I am a scholar and on-the ground activist who was personally present for the Egyptian revolution. I experienced its stark highs and lows, and I have family, close friends, and allies in Egyptian activist circles. So, when I hear these discussions in the US, they sound both familiar and strange. I marched in Tahrir Square; I celebrated triumph and freedom with my heart and felt it in my body; and I also experienced defeat very deeply. I have been teaching and writing about the Egyptian revolution for the past six years, and am working on a book about the significant role of Tahrir Square and the social dynamics of space in the uprising. By invoking my familiarity with the events in Egypt in 2011, I am not suggesting that the US is similarly on the brink of revolution (in this, I agree with Mike Davis) nor do I intend to flatten the historical and social specificities of the two societies with unwarranted comparisons. I do believe, however, that I can contribute some insight. It is important to recognize what is both similar and different in the two contexts, and thus hopefully allow the insights gained in one instance to inform the struggles of the future.
Let us begin by considering the similarities between Egypt both pre- and post-revolution and what the US faces now. First, these are two regimes operating in openly authoritarian ways and demonstrating their explicit disregard for, and hostility to, the rule of law. In both cases, the so-called leader regards himself as the most gifted person in the nation, and complains about “unfair treatment” when criticized for violating their country’s Constitution.
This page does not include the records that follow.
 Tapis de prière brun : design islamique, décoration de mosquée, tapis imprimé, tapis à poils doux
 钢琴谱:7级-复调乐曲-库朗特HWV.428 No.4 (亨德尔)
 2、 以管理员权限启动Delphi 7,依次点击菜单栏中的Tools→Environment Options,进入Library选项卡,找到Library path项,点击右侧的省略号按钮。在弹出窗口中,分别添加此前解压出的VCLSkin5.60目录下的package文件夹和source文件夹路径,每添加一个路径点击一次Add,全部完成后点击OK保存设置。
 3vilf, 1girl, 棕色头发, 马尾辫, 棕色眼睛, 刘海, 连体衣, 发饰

Second, in both cases, we see organizers and inexperienced activists alike struggling to respond to a seemingly endless series of rapid-fire attacks. The cruel way in which the Egyptian counter-revolution undid all the seeming gains of the uprising resonates powerfully for many watching, aghast, as the current US administration openly dismantles liberties and targets minorities. The way the police and military and intelligence apparatuses dealt with civilians, especially revolutionaries, in Egypt during the counter-revolutionary period was vicious. These parts of the state apparatus were determined to survive and even to expand their role; if the citizenry could be characterized as irrational and unruly post-revolution, so much the better. Similarly, the white supremacist administration in the US today seems to be running a rescue mission to save white corporate America from poor folks, especially poor folks of color.
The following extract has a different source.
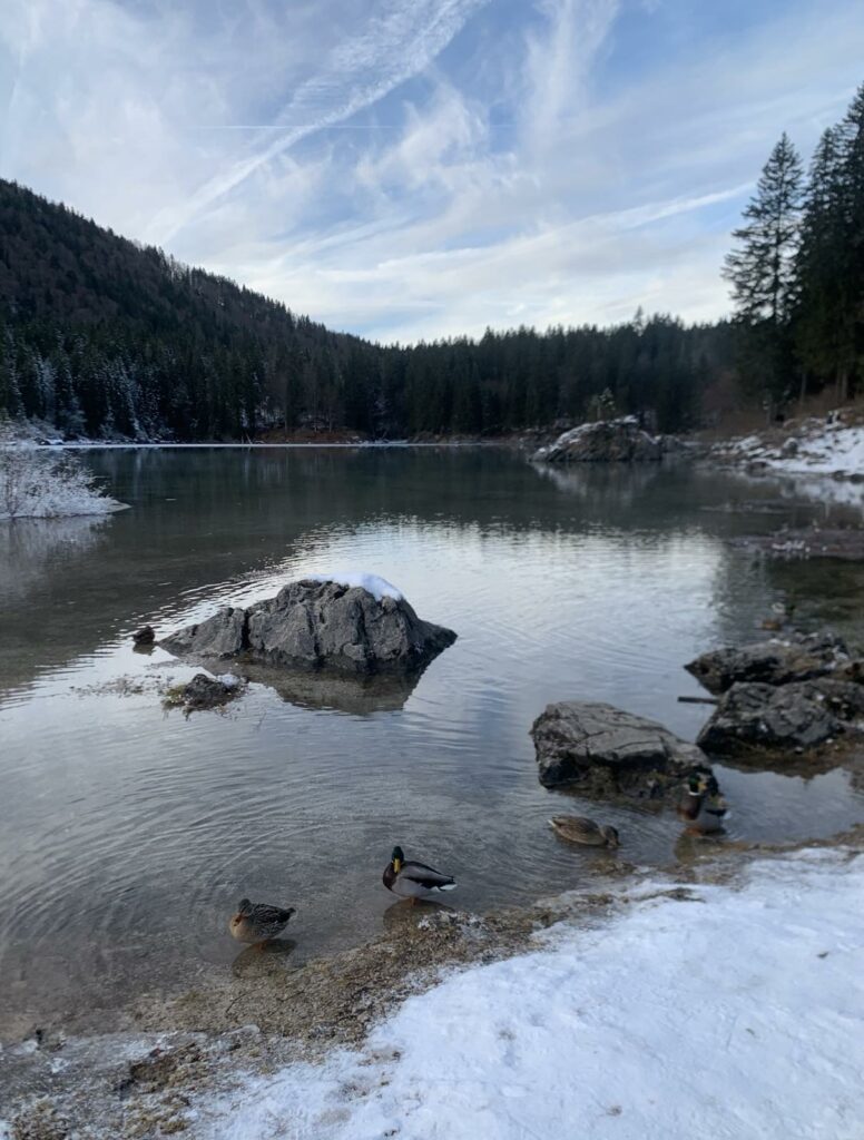Tirkizna voda, zrcalni odrazi i mekana šumska tišina bili su pravo malo iznenađenje. Šetnja oko jezera bila je idealna – dovoljno duga za uživanje, a ipak dovoljno kratka da troje malih planinara ne stignu istražiti baš svaku rupicu i kamen (ali skoro su uspjeli).

Third, in both societies, activists and non-activists alike have been taken by surprise. In Egypt, experienced organizers and millions of ordinary citizens were surprised by the revolution. There was a lot of organizing, but there was also a lot of spontaneity. More importantly, after the initial gains of the revolution, many were unprepared for the virulence of the counter-revolution. In the US, many activists, especially white liberals, have only recently realized how much they were taking their liberties for granted. While it is true that leftist organizers and organizers of color have always been targeted in the US, there was always a margin of freedom protected by liberal capitalist democracy. This margin now seems endangered. These are new conditions. The scale of the attacks is new to many and this can be challenging, if not paralyzing.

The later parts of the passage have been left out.